…Mais dans le métro, ça se voit pas que t’as qu’un vélo. Surtout si tu sors de chez le coiffeur, que t’as de belles fringues et que t’as pas les yeux dans les godaces.

Y’en a une là, tout près de moi, elle arrête pas de se bouffer les ongles.

 Elle a un visage typé. Habillée d’un manteau léger à très grand col, ouvert sur une robe noire à volants, elle me plait.

Il y a quelque chose de maladif dans son regard. Un regard inquiet, un regard qui souffre, un regard nerveux.

Une fille chic qui a l’air d’avoir passé la nuit dehors.

 Jamais je n’ai encore vu une fille se ronger les ongles de cette façon. Elle se bouffe les ongles, les doigts même, avec autant de rage que d’élégance.
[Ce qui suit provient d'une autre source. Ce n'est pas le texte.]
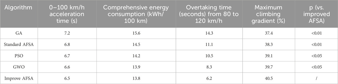 To verify the advantages and statistical reliability of the improved AFSA, the experiment included the key performance indicators and statistical significance test results of multiple algorithms. Two mainstream and cutting-edge optimization algorithms, Particle Swarm Optimization (PSO) and Grey Wolf Optimization (GWO), were supplemented as comparison baselines. The comparison results are shown in Table 4. It can be known from Table 4 that the improved AFSA is comprehensively superior to the comparison algorithm in core performance indicators: Compared with the cutting-edge GWO, its comprehensive energy consumption is reduced by 0.1 kWh/100 km, the overtaking time from 80 to 120 km/h is shortened by 2.1 s, and the maximum climbing gradient is increased by 0.8 percentage points. Even compared with the better-performing PSO, the acceleration time is still shortened by 0.2 s. Statistical significance tests show that the differences between the improved AFSA and GA and standard AFSA are extremely significant (p < 0.01), and the differences with PSO and GWO are also significant (p < 0.05), proving that its performance advantages are not random fluctuations but the inevitable result of the combination of algorithm optimization (adjustable field of view, elite archiving) and parameter classification. The validity and reliability of the method were further verified.

Je devais changer à la gare d’ Austerlitz. On est debout, tous les deux, l’un en face de l’autre.

 L’une de ses mains, celle dont elle cesse de triturer le bout des doigts, serre la barre d’appui.
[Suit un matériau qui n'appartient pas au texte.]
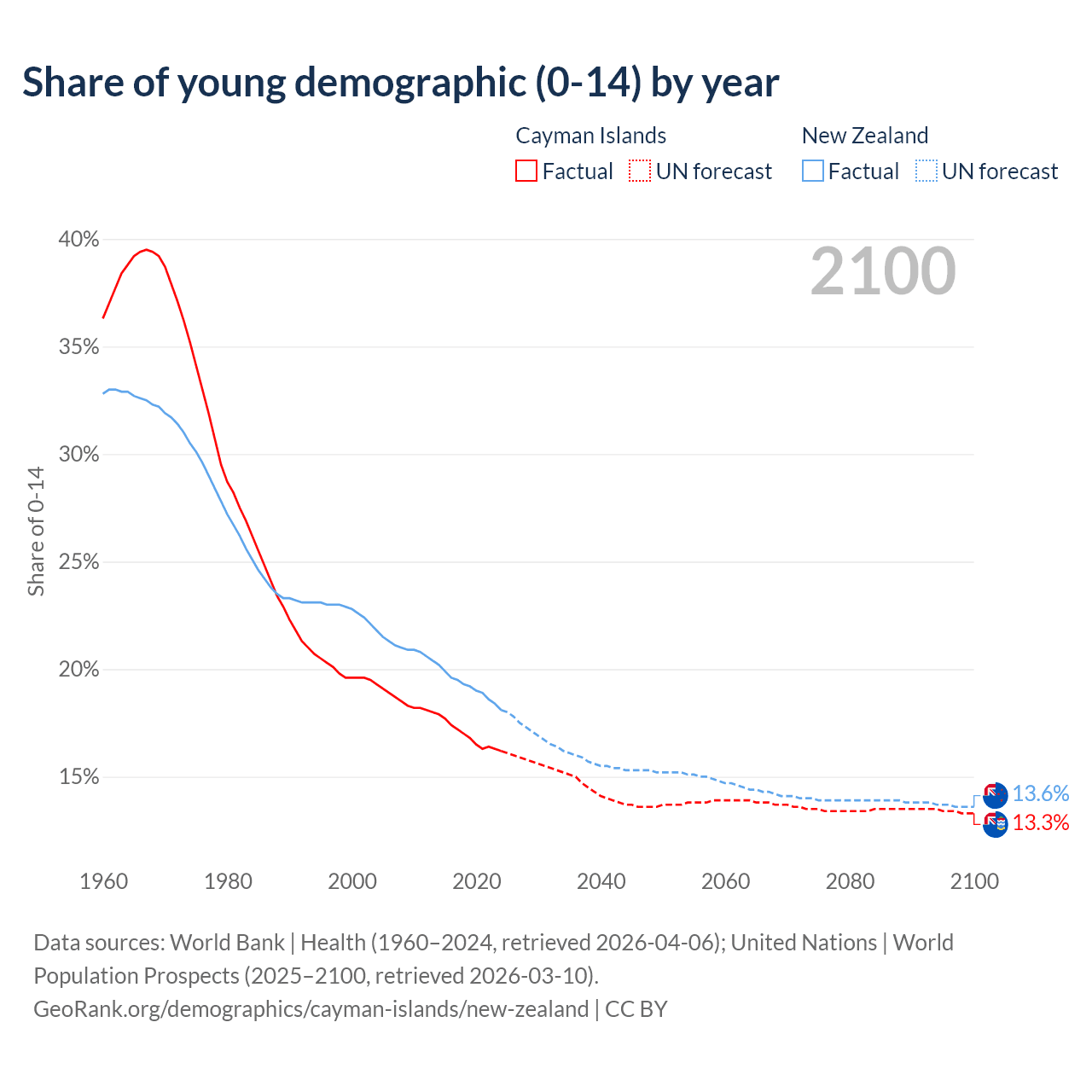 - The share of young demographic (0-15 years old) in the Cayman Islands is 16.2% vs 18.1% in New Zealand.

 Ma main gauche glisse sur la barre.

Léger effleurement de doigts.

Nos regards se croisent.

 Son sourire est crispé.

Ses yeux noirs.

Son visage soudain délivré dans la lumière vive de cette nuit d’après midi.

 Je sens ces épluchures d’elle, comme éclaboussées de ses doigts meurtris, cette intimité à nulle autre pareille et dont je perçois les transes, qui emplit cet espace de silence entre nous.

 Quel moment ! Quelle piqûre d’héroïne !

Gare d’ Austerlitz. Je ne descend pas.

Je suis cette fille, jusqu’où ?

Je ne sais pas.

Trois musiciens de tunnels de métro s’installent au milieu de la rame.

Saxo, trompette et guitare.

Ils improvisent. Un air de jazz, un vrai régal. Ça décoiffe.

 Au Châtelet, changement de décor… Enfin presque ! Les pubs sont les mêmes partout.

Dans la foule qui se sépare en plusieurs branches je perds ma piqûre d’héroïne en robe à volants. Mais je la retrouve dans une rame de RER en direction de la Défense. Assise en face de moi, ravageant de ses dents blanches le bout de ses doigts, avec son regard crasse jeté sur moi tout entier, je la dévore, je l’extrace, je la rêve les volets clos dans une chambre d’hôtel anonyme, offerte toute habillée et tendue d’un silence qui hurle de joie…

Auber. C’est fini.

 Nous ne nous reverrons plus jamais. Elle disparaît dans ces artères noires de globules en blousons ou anoraks.

De fée aux doigts de lépreux, elle se fait globule en manteau bleu aspiré vers ce cœur de la ville dont les oreillettes et les ventricules ne cessent de se diviser en segments d’existence.

Je ne la retrouverai jamais, dans aucun segment d’existence.

 Elle a disparu parce que j’ai cessé de la suivre.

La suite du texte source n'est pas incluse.